A gentle giant in the maze of darkness
Sees the darkest corruption of the heart
alloyed in the putrid puss of proud violence
Writhing his pulsation of life like a serpent
Twisting the veins that carry life to his breath
Pounding the dome of his sovereign palace
In a morbid frisson of the ecstatic dance of death
Amid the cries of the man in a maze of disgrace
Unarmored, unguarded, unprotected, unheard
As the rampant madness of murder with passion
Possesses the man with the corrupt heart blinded
By outgrown white heat of hatred with unreason.
P.S.: It would have been my first day of returning to the office after the partial end of stay-home order in California had my brother not told me of a civil unrest situation in Downtown LA where my job was located; the subway station I always use was closed, and a curfew would be enforced in LA Counties starting from 6:00 PM, which would affect my returning home via trains.
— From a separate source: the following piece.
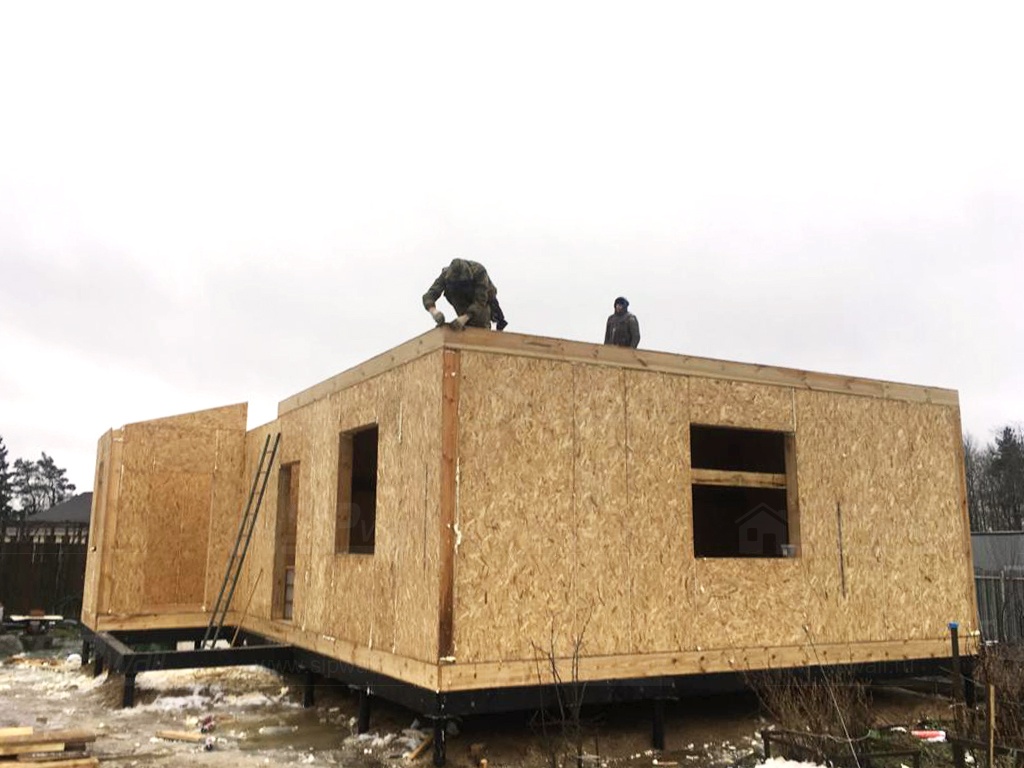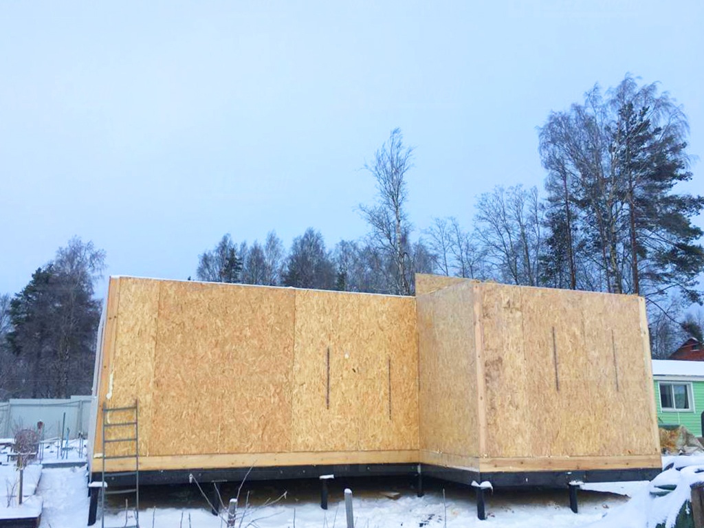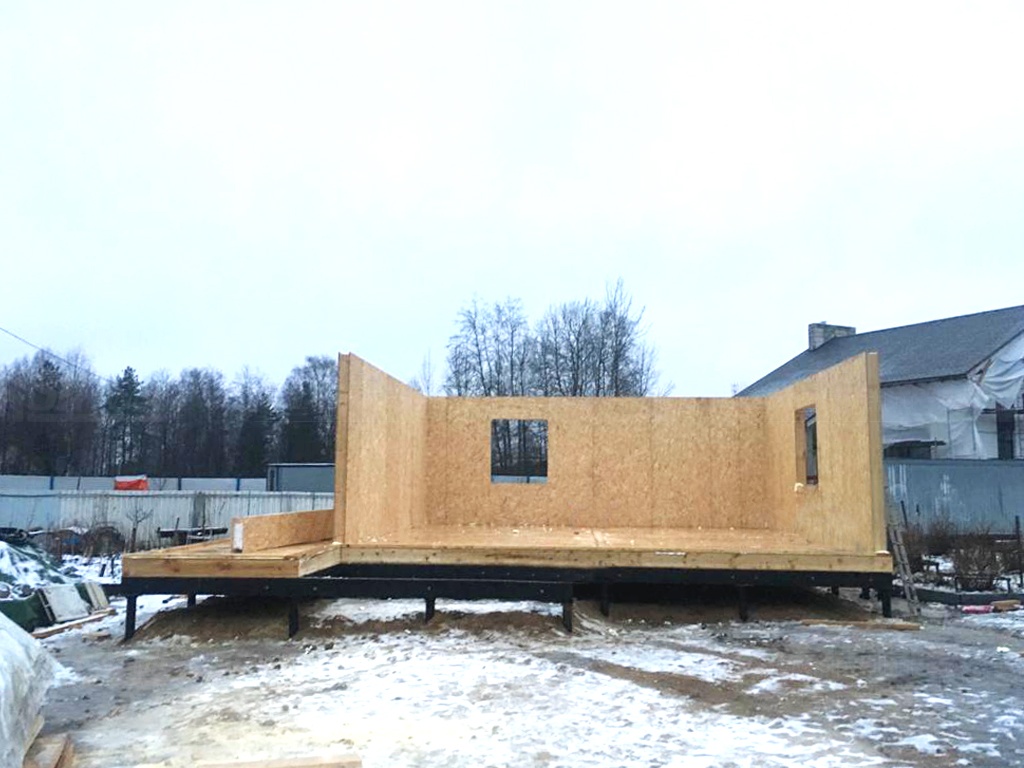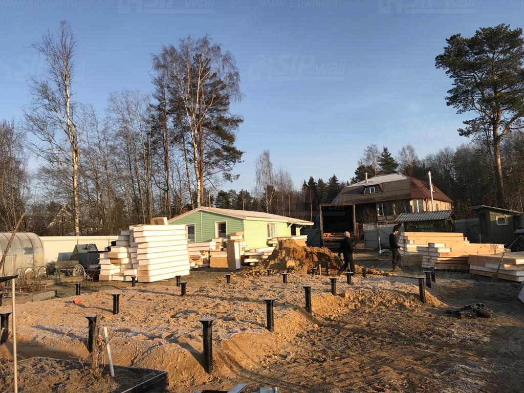 Региональный представитель в г. Санкт-Петербург, приступил к сборке дома из СИП панелей по по проекту АМУЛЕТ увелич., в Ленинградской обл., д. Агалатово, ул. Межевая<br>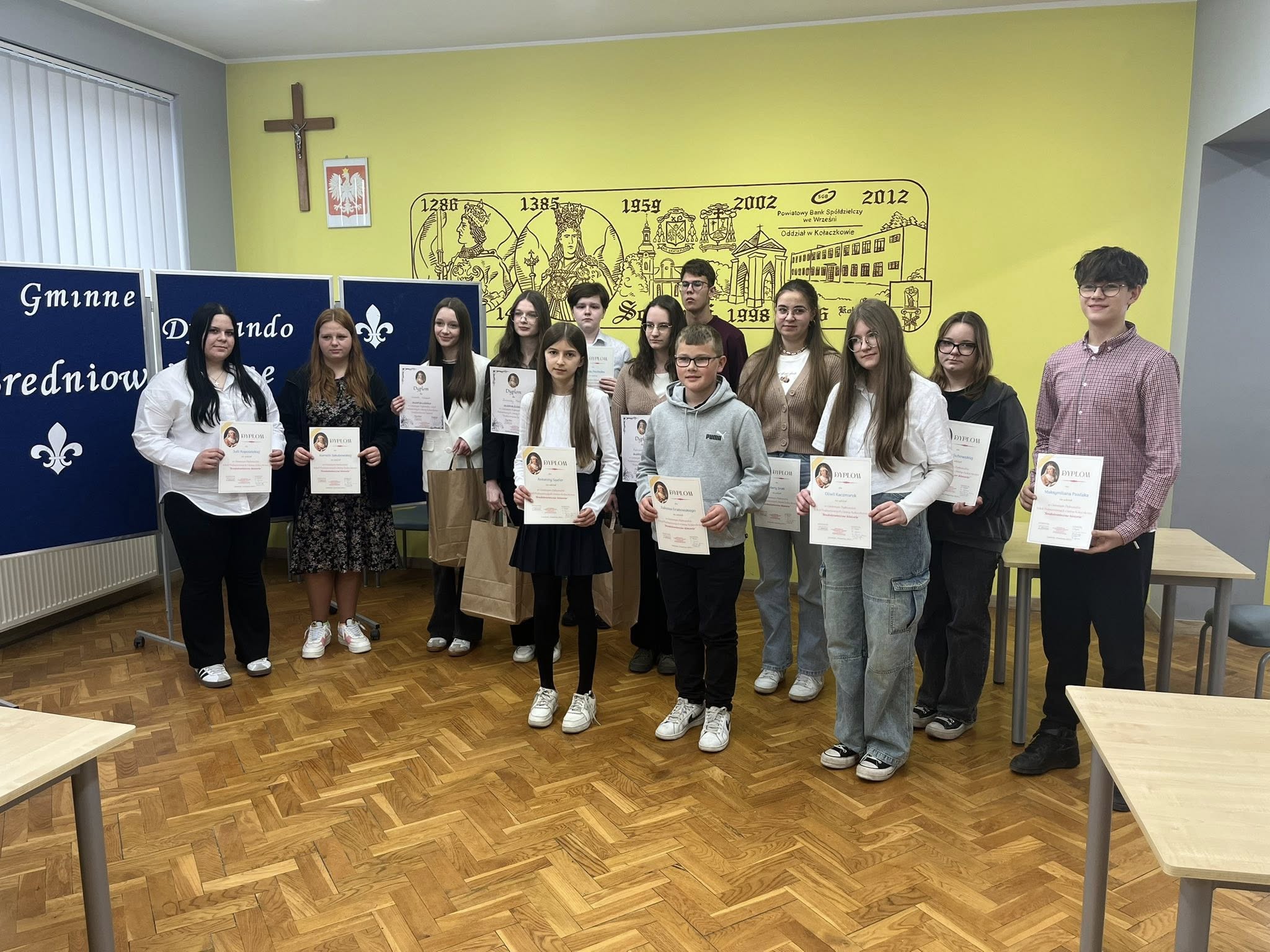 Do konkursu przystąpiło trzynaścioro uczniów z pięciu szkół Gminy Kołaczkowo. Tekst dyktanda dotyczył czasów panowania Królowej Jadwigi Andegaweńskiej w Krakowie. Z naszej szkoły w potyczkach ortograficznych II miejsce zajęła Zuzanna Mielcarek.

Behind all this commotion lies another intermittently continuous police brutality exercised against the socially disenfranchised or marginalized – or to put it more blatantly – invisible, and therefore ignorable. The demonstrations were egged on by the inhumanly aggravated handling by the police of George Floyd, a former promising college basketball student who had eked out living by working as a security guard until he was laid off due to Covid-19 lockdown.
I don’t care what Floyd’s past sins are. I don’t need to know his character assessment to reason the initiation of Floyd’s arrestment by the police in the first place. What I see from the video of his undignified death posted on the New York Times attests to the manifestation of how prejudice aided by the unbridled zealous passion of the heated moment can lead to the destruction of humanity. The more I watch the tragedy, the more I see the man’s pathos and the oppressor’s inhumanity. How could you do that? This alone matters to me. Hence this poem is my elegy to Mr. Floyd.